(Beginning of SUPPLIED MATERIAL)

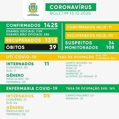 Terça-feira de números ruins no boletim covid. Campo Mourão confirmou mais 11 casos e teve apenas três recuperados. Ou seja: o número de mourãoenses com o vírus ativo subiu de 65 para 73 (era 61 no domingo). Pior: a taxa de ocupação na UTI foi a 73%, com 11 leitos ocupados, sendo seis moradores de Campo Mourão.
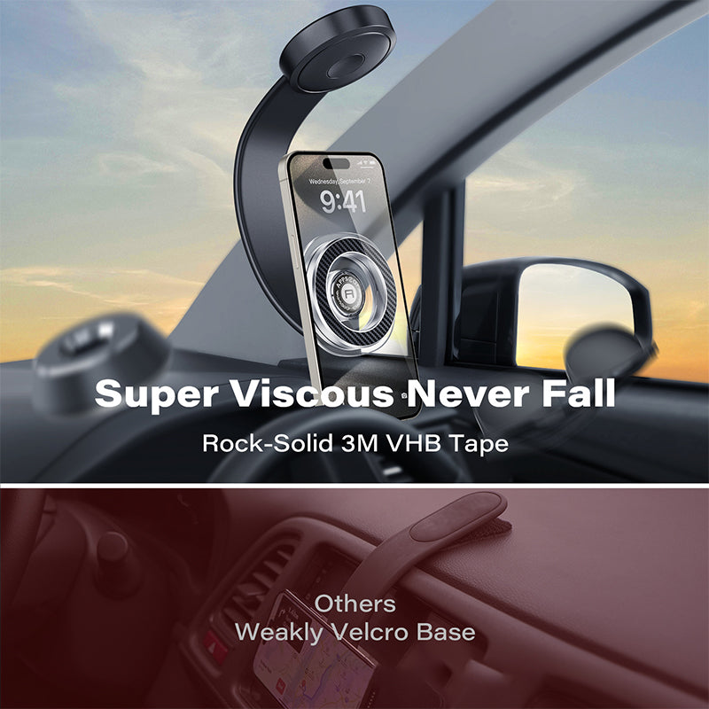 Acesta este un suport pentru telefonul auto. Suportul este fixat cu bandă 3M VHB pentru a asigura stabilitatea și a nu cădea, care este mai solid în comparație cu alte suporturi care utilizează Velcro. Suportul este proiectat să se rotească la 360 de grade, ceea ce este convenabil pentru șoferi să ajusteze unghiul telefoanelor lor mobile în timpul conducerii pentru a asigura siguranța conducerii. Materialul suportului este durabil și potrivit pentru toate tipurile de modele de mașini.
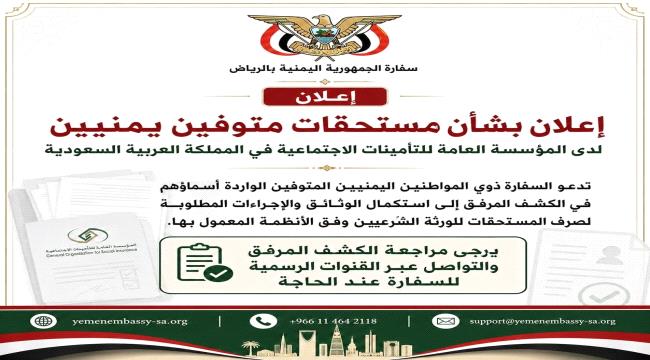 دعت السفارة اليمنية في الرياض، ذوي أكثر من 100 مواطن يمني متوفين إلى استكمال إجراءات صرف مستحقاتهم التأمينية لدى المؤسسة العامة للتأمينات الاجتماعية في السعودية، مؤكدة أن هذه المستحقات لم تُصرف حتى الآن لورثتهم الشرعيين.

(End of SUPPLIED MATERIAL)
(Beginning of SUPPLIED MATERIAL)

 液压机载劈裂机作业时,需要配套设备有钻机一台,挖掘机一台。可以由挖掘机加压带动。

(End of SUPPLIED MATERIAL)

# WORK INSTRUCTIONS
Would you copy the lines above exactly, starting with the one that has "Acesta este un" and ending with the one that has "دعت السفارة اليمنية", both included, without the pictures?

# TASK RESULT
 Acesta este un suport pentru telefonul auto. Suportul este fixat cu bandă 3M VHB pentru a asigura stabilitatea și a nu cădea, care este mai solid în comparație cu alte suporturi care utilizează Velcro. Suportul este proiectat să se rotească la 360 de grade, ceea ce este convenabil pentru șoferi să ajusteze unghiul telefoanelor lor mobile în timpul conducerii pentru a asigura siguranța conducerii. Materialul suportului este durabil și potrivit pentru toate tipurile de modele de mașini.
 دعت السفارة اليمنية في الرياض، ذوي أكثر من 100 مواطن يمني متوفين إلى استكمال إجراءات صرف مستحقاتهم التأمينية لدى المؤسسة العامة للتأمينات الاجتماعية في السعودية، مؤكدة أن هذه المستحقات لم تُصرف حتى الآن لورثتهم الشرعيين.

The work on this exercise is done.